Há uns dias, fui ver uma peça de teatro encenada pelo António Pires, da obra À Espera de Godot, de Samuel Beckett, no Teatro do Bairro, em Lisboa. É das minhas obras de teatro favoritas e estava entusiasmada. A obra, entre muito que se pode falar sobre ela, explora o absurdo da existência humana – duas personagens, Vladimir e Estragon, à espera de um tal «Godot» que nunca chega, enquanto o tempo passa, a esperança se esvai, e a angústia só aumenta. Uma verdadeira viagem existencial. Mas o que me deixou a pensar não foi propriamente a profundidade da peça, mas sim as reacções da plateia.
Notei uma presença significativa de jovens na casa dos dezoito, vinte anos. Durante a peça, muitos riram em momentos que, para mim, tinham um peso trágico. A princípio, julguei aquilo como simples falta de noção – mas depois percebi que talvez fosse o contrário. Crescer num mundo em que tudo é fragmentado, imediato e um bocadinho absurdo pode tornar Beckett estranhamente familiar. Quem sabe se não é precisamente esta a geração que melhor reconhece o vazio – e que, por isso mesmo, se ri dele. Pode parecer alienação, mas talvez seja apenas uma forma diferente de sobreviver ao desconforto.
Agora, o que realmente me perturbou foi o casal na primeira fila, na casa dos quarenta. Um daqueles casais: postura impecável, roupa cuidadosamente despreocupada e, claro, um vocabulário afinado. No intervalo, ouvia-o a pronunciar Camus com todo o rigor fonético, como se estivesse a fazer uma audição para a Sorbonne. Os livros são obviamente lidos na língua francesa, não haverá uma tradução que fará jus àquela sonoridade romântica. Mas depois, quando falava de Beckett – o autor da peça que estavam a ver, repare-se – chamava-lhe «o gajo, o Beckett». Assim mesmo: «o gajo que escreveu isto». E durante a peça, riam e gargalhavam muito. Lucky, escravo de Pozzo, acorrentado e fiel ao seu dono, era chicoteado. E eles riam e gargalhavam muito. Estragon confessava Sou infeliz. Vladimir respondia Não me digas! Desde quando? Estragon respondia Já me esqueci. E eles riam e gargalhavam muito. Ali, na primeira fila, corpos movidos pelas gargalhadas, escorregando nas cadeiras. (Gostava de vos dizer que exagero, mas infelizmente faço aqui um retrato fiel.)

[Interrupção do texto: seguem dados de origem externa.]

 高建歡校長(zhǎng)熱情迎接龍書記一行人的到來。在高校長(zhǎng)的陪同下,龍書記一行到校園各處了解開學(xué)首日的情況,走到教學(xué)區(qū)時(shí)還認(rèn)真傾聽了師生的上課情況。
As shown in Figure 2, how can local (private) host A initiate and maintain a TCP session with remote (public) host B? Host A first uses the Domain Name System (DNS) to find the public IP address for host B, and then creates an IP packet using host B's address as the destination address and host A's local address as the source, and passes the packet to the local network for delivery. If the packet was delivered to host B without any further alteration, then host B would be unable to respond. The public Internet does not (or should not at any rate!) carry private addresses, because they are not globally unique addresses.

E foi aí que me caiu a ficha: este casal não estava só a assistir à peça. Eles eram a peça. Ou melhor, eram o produto do riso para Beckett. Pozzo, o burguês vaidoso, autoritário, cego (literal e metaforicamente), está todo lá – na postura, na superioridade encenada, na incapacidade de perceber o essencial. Riam-se de Lucky, sem se darem conta de que o verdadeiro ridículo, aos olhos do autor, talvez fossem eles. E há qualquer coisa de deliciosamente irónico nisto. Gente que ostenta referências culturais como se fossem medalhas, mas que falha redondamente em captar o que está mesmo diante dos olhos. Um dos propósitos torna-se assim claro: Beckett escreveu para expor o ridículo de quem finge perceber tudo. Já comprei bilhetes para ir uma segunda vez, na esperança de, desta vez, poder assistir à peça de teatro que acontece no palco.
A autora escreve segundo o Acordo Ortográfico de 1945.